また、玉石を用いた横積み構造の擁壁は、安全性を評価する計算が困難であり、 二段擁壁や二重擁壁についても、現行の建築基準法の枠組みでは認められていませんので、 地方自治体に問い合わせをする必要があります。
さらに、擁壁を造る際には、ブロック塀の使用は禁止されています。
土地の購入時に擁壁工事が必要な可能性もある
家を建てる時、または土地を購入する際には、擁壁工事について注意が必要です。
土地を販売する際に、擁壁の設置が必要となる場合があります。
この場合、追加費用がかかることがあるため、契約をする前に確認しておくことが大切です。
一方、大規模な土地を分譲する場合、擁壁がすでに設置されているか、または擁壁工事の費用が土地代金に含まれている場合もあります。
この点についても、事前に確認しておくことが安心です。
また、隣接する土地間に高低差がある場合、擁壁は上側の土地を使用して建設されることが一般的です。
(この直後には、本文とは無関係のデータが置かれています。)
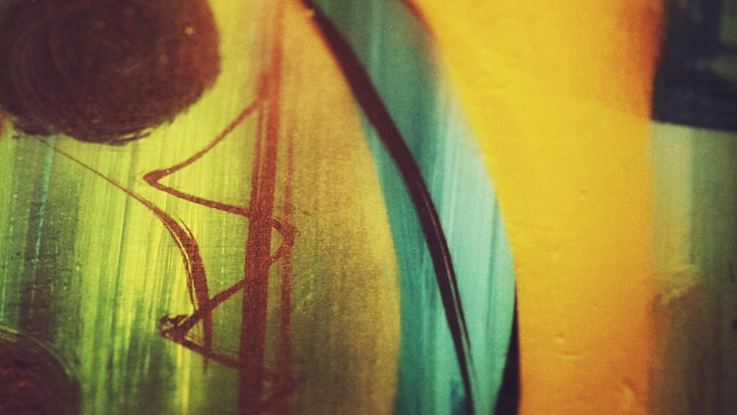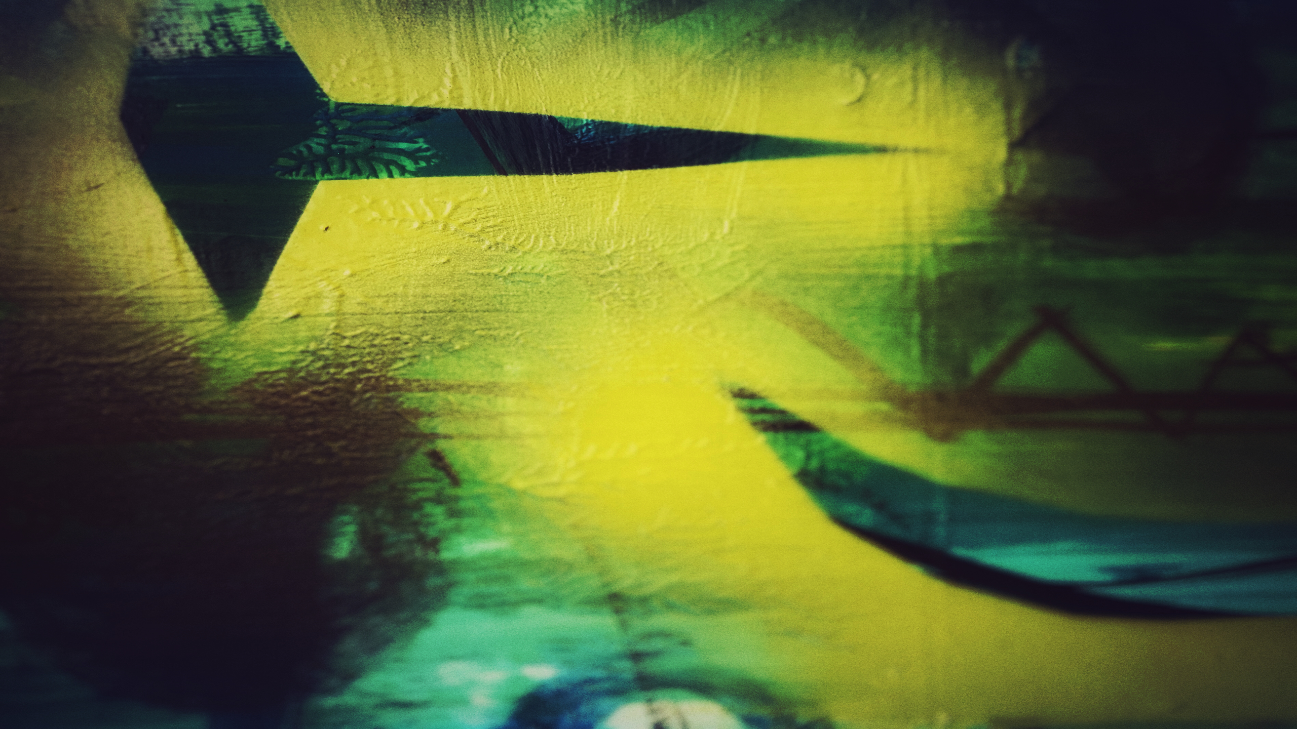 “… but then, I happened on a much more lo-fi opportunity, resulting from my husband’s impressive consumption of Quality Street chocolates over the Christmas period; Quality Street come wrapped in these lovely squares of coloured cellophane, which my husband turned into an ad-hoc garland hanging down from the mirror – in glorification of his gluttony! Suspending the streamer of sweet wrappers from the ceiling, I set out about photographing it from below – lying on my back on the floor and framing the shots to avoid the presence of the cobwebs and the smoke detector! I enjoyed very much the water-colouresque results in all their floatiness, and I’m tempted to draw some conclusion here about the routes towards inspiration being found more-often-than-not in the realm of more analogue activities.”

そのため、上側の土地所有者が擁壁工事の費用を負担することになります。
ただし、地盤調査の結果、下側の土地にも擁壁が必要と判明した場合、費用は下側の土地の所有者が負担することになります。
その他、土地の一部を提供したり、費用を分担するケースもあります。
このような場合には、トラブルを未然に防ぐためにも、詳細な条件を把握しておくことが重要です。
擁壁工事にかかる費用や工期
擁壁工事には様々な要因が影響し、費用もそれに応じて大きく異なります。
擁壁の面積や高さ、敷地の状況、工事の難易度などがその主な要素です。
通常、1平方メートルあたりの費用は3万円から5万円程度と言われていますが、状況によっては1平方メートルあたり10万円を超える場合もあります。
工事の規模によっては、数百万円から数千万円以上かかることもあるので、事前に十分な費用の準備が必要です。
ただし、自治体によっては、一定の条件を満たせば擁壁工事に助成金が支給されることもあります。
時には、不動産会社やハウスメーカーが助成金の申請を手伝ってくれることもありますので、まずは相談してみると良いでしょう。
また、工期について言えば、工事内容によって異なりますが、最低でも2週間から1カ月半くらいはかかると考えておいた方が良いでしょう。
規模の大きな工事になると、3カ月程度かかることもあります。
工期は生活や引っ越しの計画にも影響するので、あらかじめ工程表を確認しておくことが重要です。
高さが2mを超える擁壁の新設には申請が必要
高さ2mを超える擁壁を新たに設置する場合、建築基準法に基づいて「工作物確認申請」の手続きを行う必要があります。
この申請は、自治体からの許可が必要です。
また、一定規模を超える擁壁工事を行う際には、宅地造成等規制法に基づいて「宅地造成の許可」が要求されることもあります。
そのため、慎重に行動することが求められます。
許可が下りるまでには約1カ月の時間がかかることが一般的であり、この期間も計画に組み込むことが肝要です。
擁壁工事を行う予定が決まったら、できるだけ早めに手続きを始めることをおすすめします。
まとめ
擁壁にはいくつかの種類があり、その中には古くて傷んでいたり、現在の建築基準を満たしていないものもあります。
擁壁が崩れて近隣に影響を与えた場合、損害賠償の責任が生じます。
このような状況を避けるためには、建築基準に合わない擁壁や亀裂、ひび割れがある物件を購入することは避けるべきです。
もし購入後に問題が見つかった場合、擁壁の建て替えや修理が必要になり、その費用は高額になることもあります。
物件を購入する際には、擁壁が建築基準に適合しているかどうかを確認し、必要に応じて地盤調査なども行うことが重要です。